| SOURCE DATA |
--------------------------------

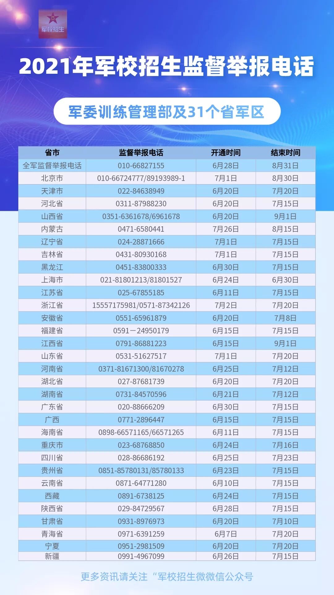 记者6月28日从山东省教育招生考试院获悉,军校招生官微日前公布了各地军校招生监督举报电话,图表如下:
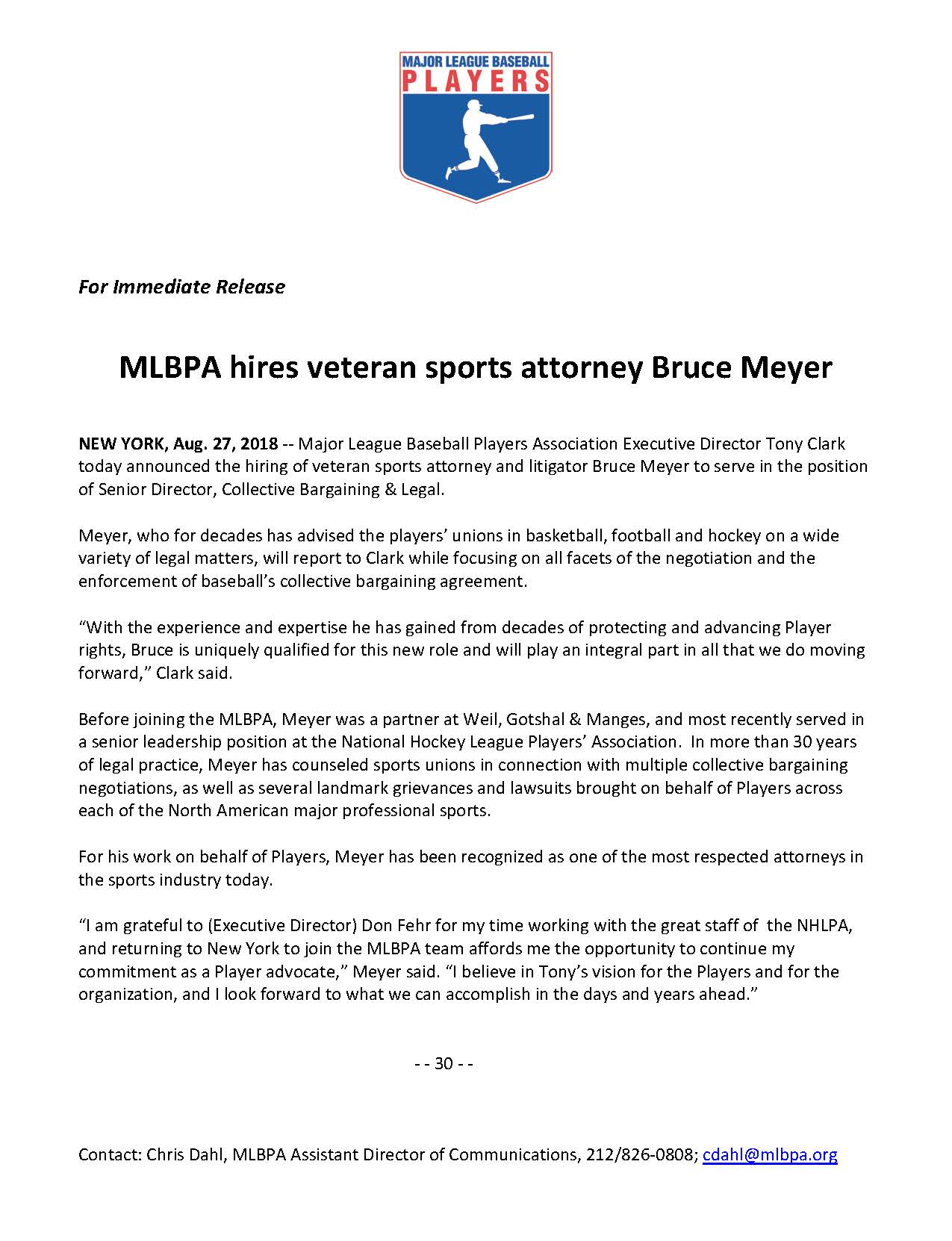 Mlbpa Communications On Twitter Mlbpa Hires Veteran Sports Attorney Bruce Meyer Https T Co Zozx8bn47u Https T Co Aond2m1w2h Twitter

--------------------------------

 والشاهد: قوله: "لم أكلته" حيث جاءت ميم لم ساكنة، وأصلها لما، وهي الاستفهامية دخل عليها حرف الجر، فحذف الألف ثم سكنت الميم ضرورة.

--------------------------------

| TO DO |
Look above for the line with "记者6月28日从山东省教育招" and the line with "Mlbpa Communications On". Give again exactly those two lines and all lines between them, pictures excluded.

| EXERCISE OUTPUT |
 记者6月28日从山东省教育招生考试院获悉,军校招生官微日前公布了各地军校招生监督举报电话,图表如下:
 Mlbpa Communications On Twitter Mlbpa Hires Veteran Sports Attorney Bruce Meyer Https T Co Zozx8bn47u Https T Co Aond2m1w2h Twitter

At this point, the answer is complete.